◆ RECORDS ◆
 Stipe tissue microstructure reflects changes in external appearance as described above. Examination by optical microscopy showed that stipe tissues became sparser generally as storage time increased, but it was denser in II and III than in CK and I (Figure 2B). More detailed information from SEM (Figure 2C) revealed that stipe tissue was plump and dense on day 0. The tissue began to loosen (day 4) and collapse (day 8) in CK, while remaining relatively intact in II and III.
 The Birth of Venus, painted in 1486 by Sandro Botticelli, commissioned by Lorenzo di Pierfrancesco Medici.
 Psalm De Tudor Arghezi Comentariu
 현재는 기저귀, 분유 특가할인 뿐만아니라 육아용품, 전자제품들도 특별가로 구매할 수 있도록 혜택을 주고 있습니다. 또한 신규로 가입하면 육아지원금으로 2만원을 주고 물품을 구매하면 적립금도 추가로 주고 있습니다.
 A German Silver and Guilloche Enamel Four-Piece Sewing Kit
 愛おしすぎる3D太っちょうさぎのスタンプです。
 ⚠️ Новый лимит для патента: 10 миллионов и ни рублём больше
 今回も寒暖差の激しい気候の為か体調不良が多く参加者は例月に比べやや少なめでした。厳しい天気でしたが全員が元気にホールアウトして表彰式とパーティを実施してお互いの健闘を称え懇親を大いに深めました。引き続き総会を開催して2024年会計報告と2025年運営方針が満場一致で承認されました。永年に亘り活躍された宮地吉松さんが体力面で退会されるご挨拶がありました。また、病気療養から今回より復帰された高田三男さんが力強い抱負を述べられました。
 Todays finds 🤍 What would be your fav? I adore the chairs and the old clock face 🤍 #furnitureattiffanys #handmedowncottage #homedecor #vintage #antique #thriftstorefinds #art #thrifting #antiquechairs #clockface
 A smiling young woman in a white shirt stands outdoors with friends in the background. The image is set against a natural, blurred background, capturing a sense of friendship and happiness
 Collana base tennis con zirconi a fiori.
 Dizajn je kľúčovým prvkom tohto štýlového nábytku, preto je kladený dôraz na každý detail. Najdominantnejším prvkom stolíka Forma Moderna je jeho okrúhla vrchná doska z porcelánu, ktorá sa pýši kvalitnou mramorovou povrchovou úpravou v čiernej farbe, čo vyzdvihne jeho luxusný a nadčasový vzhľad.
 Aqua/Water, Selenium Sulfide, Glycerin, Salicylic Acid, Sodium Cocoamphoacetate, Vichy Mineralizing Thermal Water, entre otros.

◆ WHAT THE EXERCISE ASKS ◆
Set the listing down again in full, exactly as it was given.

◆ THE COMPLETED TASK ◆
 Stipe tissue microstructure reflects changes in external appearance as described above. Examination by optical microscopy showed that stipe tissues became sparser generally as storage time increased, but it was denser in II and III than in CK and I (Figure 2B). More detailed information from SEM (Figure 2C) revealed that stipe tissue was plump and dense on day 0. The tissue began to loosen (day 4) and collapse (day 8) in CK, while remaining relatively intact in II and III.
 The Birth of Venus, painted in 1486 by Sandro Botticelli, commissioned by Lorenzo di Pierfrancesco Medici.
 Psalm De Tudor Arghezi Comentariu
 현재는 기저귀, 분유 특가할인 뿐만아니라 육아용품, 전자제품들도 특별가로 구매할 수 있도록 혜택을 주고 있습니다. 또한 신규로 가입하면 육아지원금으로 2만원을 주고 물품을 구매하면 적립금도 추가로 주고 있습니다.
 A German Silver and Guilloche Enamel Four-Piece Sewing Kit
 愛おしすぎる3D太っちょうさぎのスタンプです。
 ⚠️ Новый лимит для патента: 10 миллионов и ни рублём больше
 今回も寒暖差の激しい気候の為か体調不良が多く参加者は例月に比べやや少なめでした。厳しい天気でしたが全員が元気にホールアウトして表彰式とパーティを実施してお互いの健闘を称え懇親を大いに深めました。引き続き総会を開催して2024年会計報告と2025年運営方針が満場一致で承認されました。永年に亘り活躍された宮地吉松さんが体力面で退会されるご挨拶がありました。また、病気療養から今回より復帰された高田三男さんが力強い抱負を述べられました。
 Todays finds 🤍 What would be your fav? I adore the chairs and the old clock face 🤍 #furnitureattiffanys #handmedowncottage #homedecor #vintage #antique #thriftstorefinds #art #thrifting #antiquechairs #clockface
 A smiling young woman in a white shirt stands outdoors with friends in the background. The image is set against a natural, blurred background, capturing a sense of friendship and happiness
 Collana base tennis con zirconi a fiori.
 Dizajn je kľúčovým prvkom tohto štýlového nábytku, preto je kladený dôraz na každý detail. Najdominantnejším prvkom stolíka Forma Moderna je jeho okrúhla vrchná doska z porcelánu, ktorá sa pýši kvalitnou mramorovou povrchovou úpravou v čiernej farbe, čo vyzdvihne jeho luxusný a nadčasový vzhľad.
 Aqua/Water, Selenium Sulfide, Glycerin, Salicylic Acid, Sodium Cocoamphoacetate, Vichy Mineralizing Thermal Water, entre otros.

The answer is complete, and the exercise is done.